For validation of automated counts, 10 fields from 3 cases representing low, medium, and high Ki-67 indices were manually counted using a custom ImageJ-based macro (National Institutes of Health, Bethesda, MD). Using this macro, human observers (M.A.S. and N.E.S.) annotated each nucleus as positive or negative for Ki-67 using different-colored markers. The annotated images were saved, and the nuclear markers were counted by the software. Correlation between the automated and manual counts was calculated using a Pearson correlation coefficient.

View this table:
Table 1
View this table:
Table 2

Clinical data were collected from The Johns Hopkins electronic patient records in accordance with institutional review board–approved protocol NA_00051478. Treatment was classified as radiation therapy and/or cytotoxic chemotherapy. Single-agent treatment with rituximab or prednisone was not regarded as cytotoxic chemotherapy. Statistical significance between the Ki-67 PI and pathologic grade or progression of disease was calculated using a Wilcoxon 1-tailed rank sum test. Pathologic grade was compared with progression of disease using a Fisher exact test.

Results

Thirty-one cases of FL were identified, including 19 cases that were WHO grade 1 to 2 and 12 cases that were WHO grade 3 Table 2. We first assessed the validity of the software-automated counts. To accomplish this, 3 cases of FL were selected that demonstrated low, medium, and high PI levels. For each case, images of all 10 selected fields were manually counted for both positive and negative nuclei Image 1. Ki-67 PI was also estimated in all fields by 5 experienced hematopathologists (M.V.-R., C.D.G., K.H.B., M.J.B., and A.S.D.) who did not have knowledge of the tumors’ histologic grade or measured PI.
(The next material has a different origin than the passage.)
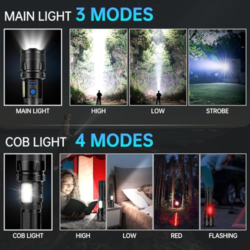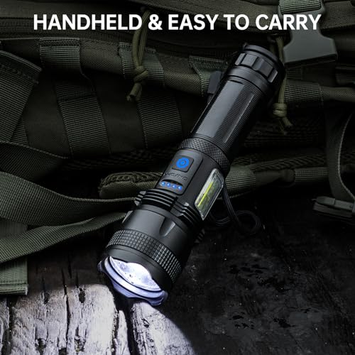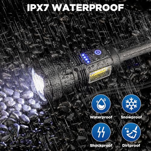 ZEUSFIRE - كشاف ليد يدوي قابل لإعادة الشحن فائق السطوع بقوة 100000 لومن مع 7 أوضاع إضاءة، قابل للتكبير ومقاوم للماء اي بي اكس 7 للتخييم والمشي والأنشطة الخارجية من زيوس فاير
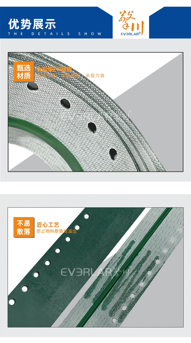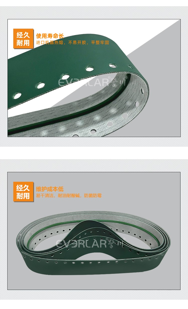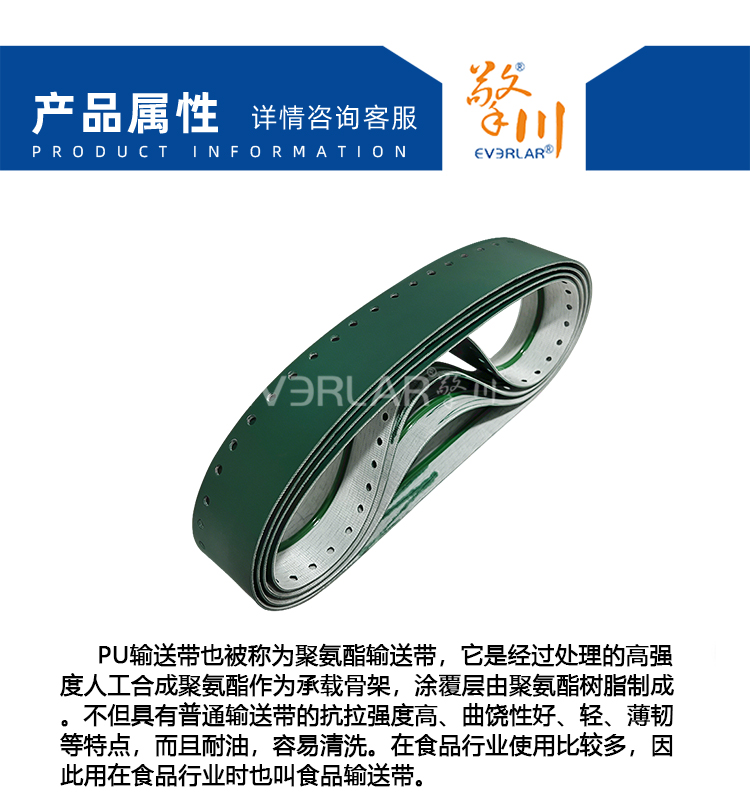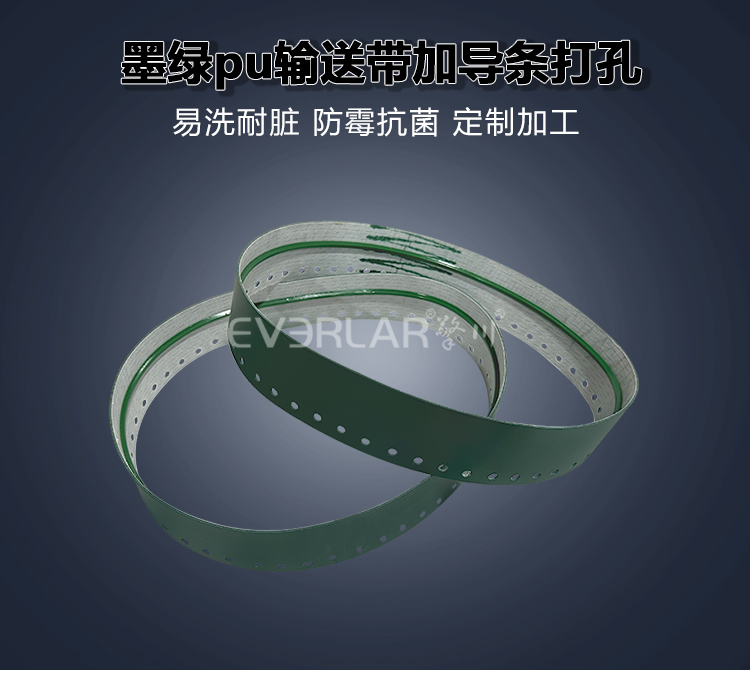 • 產品名稱:墨綠PU輸送帶加導條打孔耐磨抗腐蝕食品級包裝封口機工業皮帶定制

Quantitation of PI by image analysis showed a strong positive correlation with the manual Ki-67 PI count (Pearson r = 0.99, P < .001) Figure 1. The software consistently counted greater numbers of both positive and negative nuclei per field, with an average of 10.9% more positive nuclei and 4.8% more negative nuclei. The percentage of Ki-67–positive nuclei was almost identical to those from the manual counts. In comparison, the Ki-67 PI estimates from hematopathologists slightly overestimated the PI in cases with a higher PI but showed no significant difference from the automated results in cases with lower PIs. The hematopathologists estimated a mean ± SD PI 0.7% ± 1.3% greater than the algorithm for low PI fields, 3.0% ± 6.6% greater for the medium PI fields, and 8.0% ± 5.3% greater for the set of high PI fields.

Next, the Ki-67 PI of all 31 FL cases was compared with the original histologic grade. In keeping with the 2008 WHO classification, a distinction was not made between grade 1 and grade 2 FL. Higher histologic grade was significantly associated with a higher PI; grade 1 to 2 FL had a median Ki-67 PI of 21.9%, and grade 3 FL had a median Ki-67 PI of 39.9% (P = .02, Wilcoxon 1-tailed rank sum test) Figure 2A. Although we were able to show a significant difference between the PI of low-grade (WHO 1–2) and intermediate-grade (WHO 3A/B) FL, we were unable to set a discrete cutoff value of PI to separate the grades completely since we found several cases with either low histologic grade and high PI or higher histologic grade and low PI. A second review of these discrepant cases confirmed the original histologic grading.

Image 1

Automated and manual measurement of the Ki-67 proliferation index (PI). Representative examples of extracted fields from scanned Ki-67 immunohistochemical slides: high PI (A–D; B–D depict framed area in A) and low PI (E–H; F–H depict framed area in E) fields. Manual counts identified 2,000 positive and 1,415 negative nuclei for a PI of 58.6% (B) and 173 positive and 3,624 negative nuclei for a PI of 4.6% (F) for the high and low PI fields, respectively. The nuclear quantitation algorithm identified 2,600 positive (yellow) and 1,396 negative (blue) nuclei for a PI of 65.1% for the high PI field (C) and 216 positive and 3,672 negative nuclei for a PI of 5.6% for the low PI field (G). The Ki-67 images are overlaid with the algorithm results (outlines; yellow = positive; blue = negative) and the manual counts (dots; red = positive; green = negative), showing the close correlation for these methods (D, H).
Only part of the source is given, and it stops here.